Пляж действительно был в двух шагах, правда, это была дикая, неухоженная его часть. По берегу были разбросаны коряги, пятки больно кололи острые камни.
— Парное, бляха, молоко! — Колян, как пацан, дорвавшийся-таки до моря, шумно забежал в воду. — Давай скорей, Максик, тут ахуенно!
Чтобы можно было плавать, следовало изрядно пройти, достигнув достаточной глубины; проделав немалый путь, я плюхнулся в воду (море и правда было теплее воздуха) и поплыл от берега. В моей голове вдруг заиграла рождавшаяся тут же, в эту секунду, прекрасная, неповторимая мелодия, которую, казалось, играл и ярко-жёлтый месяц, и плеск воды, и едва заметный тёплый ветерок.
Вдруг я почувствовал, что подо мной кто-то плывёт. Сердце ёкнуло, однако уже через мгновение поднырнувший под меня Колян с фырканьем всплыл на поверхность, подхватив меня; я, шутливо ругнувшись, оттолкнул его, мы забарахтались в тёплой воде, пиная друг дружку. Колян встал на дно — ему было как раз по шею, я забрался ему на плечи и спрыгнул вниз, образовав сверкнувший в лунном свете фейерверк из брызг. Потом то же самое проделал хохочущий Кучер, не забывая по возможности полапать интересующую его часть моего тела. Я подумал о том, что в свои двадцать девять я вновь ощущаю себя пацаном.
Накупавшись, мы двинули к берегу. До кромки оставалось ещё метров сорок, как вдруг ступня моя почувствовала резкий укол.
— Бля, Кучер, тут же ежи небось! — заорал я, хватая уколотую ногу. — Пиздец, теперь всё распухнет; вот слушайся тебя, мудачину!.. — я едва не заплакал.
Стало страшно. Эти колючие ядовитые суки, о которых я совсем позабыл, на диком пляже могли быть повсюду, а разглядеть их в ночи не было никакой возможности.
Колян заспешил ко мне.
— Где больно? — заботливо спросил он.
— Блядь, я не пойду никуда, ещё снова наткнусь! — истерил я. — И ты щас напорешься, придурошный!
Колян вздохнул, взял меня на руки, прижал к себе и, умудряясь на ходу полапывать мой задок, понёс к берегу. Я умолк и инстинктивно прильнул к его мокрому телу.
Трое ошалелых туристов, переговариваясь по-немецки, смотрели с обочины дороги, как один голый мужчина, постарше и покрепче, бережно вынес другого голого мужчину, помоложе, из моря, и, шепча какие-то успокоительные слова, пересёк проезжую часть, газон, и занёс своего спутника на сияющий в свете луны белыми балясинами балкончик.

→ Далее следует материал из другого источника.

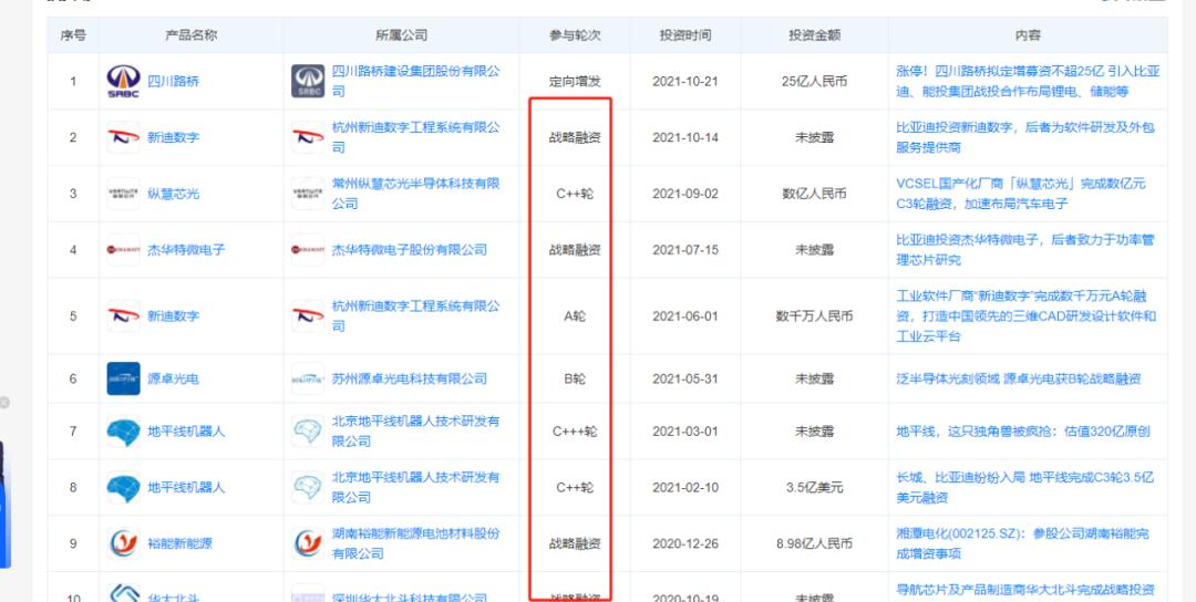 天眼查公开信息显示,比亚迪目前参与了多起战略融资,投资的对象主要集中于芯片、人工智能等领域,目的自然也是为比亚迪可以更好的梳理其主营业务的上下游。

— Глупыш, может, на стекло просто наступил или там, мало ли, на колючку какую, — не без тревоги в голосе шептал Кучер, обрабатывая мне ранку йодом из предусмотрительно положенной в его старую спортивную сумку аптечки. — Вроде не распухло ничего, просто царапина.

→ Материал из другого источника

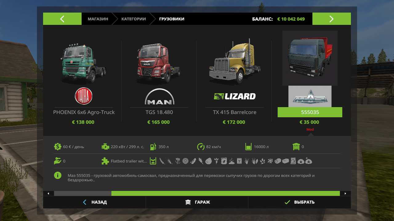 Выбор: мощности двигателя при покупке 235, 300 л/с; основного цвета; 2 типа колёс;цвет дизайна.Скорость: 102 км/ч. Вместимость грузовика и прицепа: 16 000/15 000 л. Светотехника, зеркала, спидометр и тахометр, прицепное ус-во,оставляет следы, пыль из под колёс.
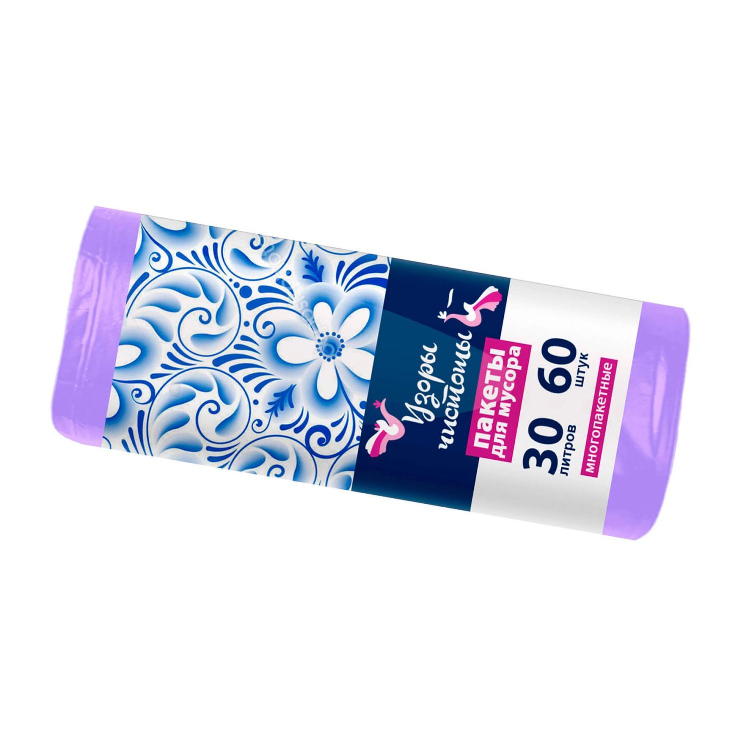 Сиреневые мешки для мусора 'Узоры Чистоты' - яркое решение для вашего дома! Этот удобный набор включает в себя 60 мешочков объемом 30 литров каждый. Они предназначены для эффективного сбора и утилизации различных отходов.

Мы закурили, лениво валяясь на измятой кровати, доброе расположение духа потихоньку вернулось, мы стали подъёбывать друг дружку, бесстыже соприкасаясь всеми частями тела.

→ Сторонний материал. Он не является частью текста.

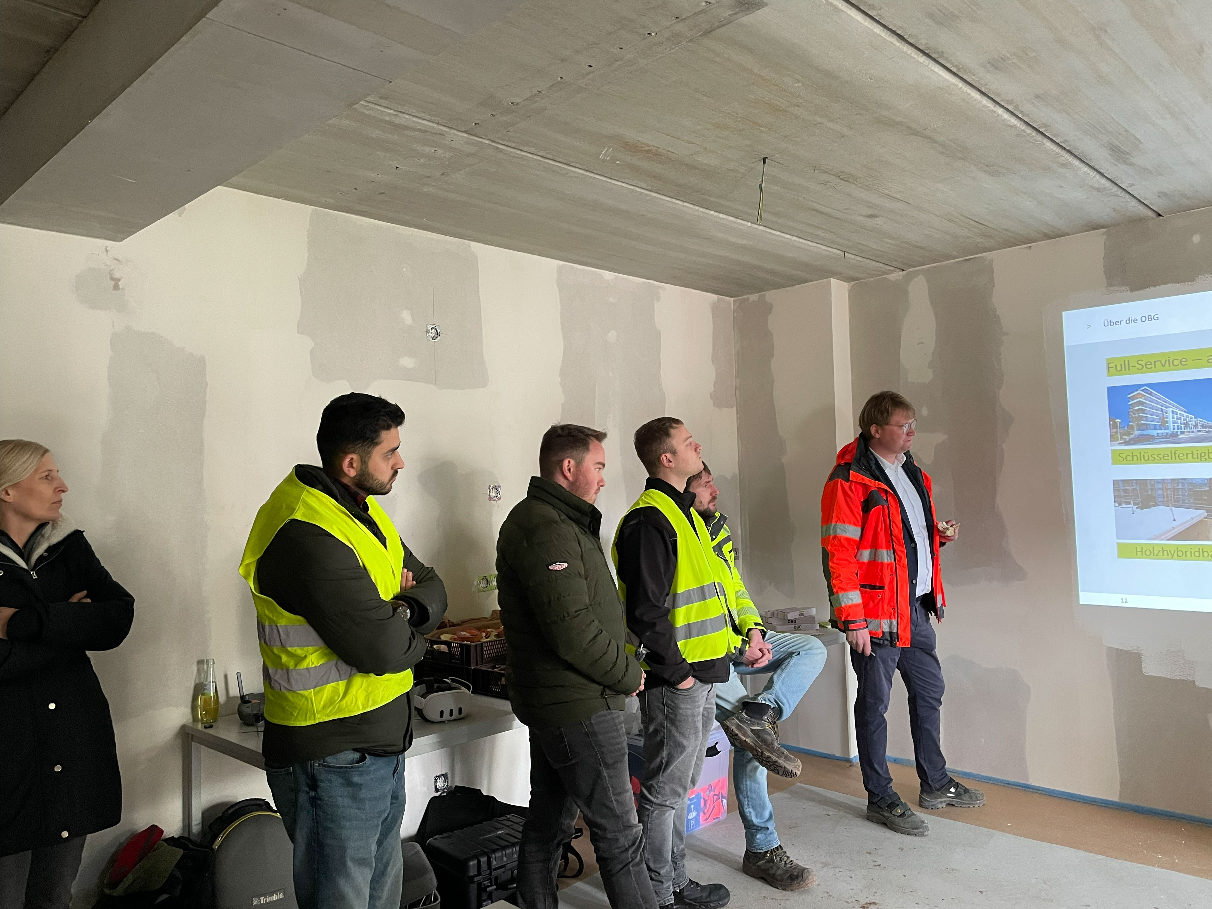 Die Masterstudierenden der Vertiefungsrichtung Baubetrieb besuchten eine Schlüsselfertigbau-Baustelle der Firma OBG Hochbau GmbH & Co. KG. Die Bauleitung gab einen kompakten Einblick in Projektorganisation, Bauablauf und die Koordination der Gewerke und führte die Gruppe über die Baustelle.

Я завалился на Кучера сверху, погрузив нос и губы в заросли на его широкой груди. Под ухом уверенно бухало кучеровское сердце. Одной рукой Колян держал бутылку рома, на донышке которой ещё, видимо, кое-что оставалось; это кое-что он смаковал, гоняя во рту; второй же рукой он по-хозяйски лапал мою задницу, уделяя особое внимание дырке, которую он нежно, но настойчиво теребил всеми пальцами по очереди. Я подумал, что, не будь у него столь длинных, обезьяньих рук, фиг бы он дотуда дотянулся.
— Мне бы хоть предложил, животное, — сказал я, попутно выплёвывая забиравшиеся мне в рот витые кучеровские волоски.
— М-м-м… — промычал Колян, показывая, что бутыль уже пуста.
Он поставил её на тумбочку и пальцем подманил меня, вроде как собираясь что-то сказать на ушко. Я подался вперёд. Колян ненадолго оставил в покое мой заласканный зад, подтянул меня за уши к себе и, прижав мои губы к своим, перелил мне в рот разбавленные слюной остатки рома.
— Всё для братишки, — нахально улыбнулся Кучер и, упершись локтями и пятками в кровать, крякнул, приподнял нас обоих над ней и раскатисто перданул.
— Фу-у-у, урод! — чуть наигранно возмутился я, капая ромом Коляну на грудь.
— Не всё коту масленица! — захохотал Колян, снова шлёпаясь на кровать и разгоняя испорченный воздух ладонью. — Подкатило, а тревожить тебя, Максик, не захотел — эвон ты как уютно устроился…
— Холодно просто стало, а ты — тёплый… — прошептал я.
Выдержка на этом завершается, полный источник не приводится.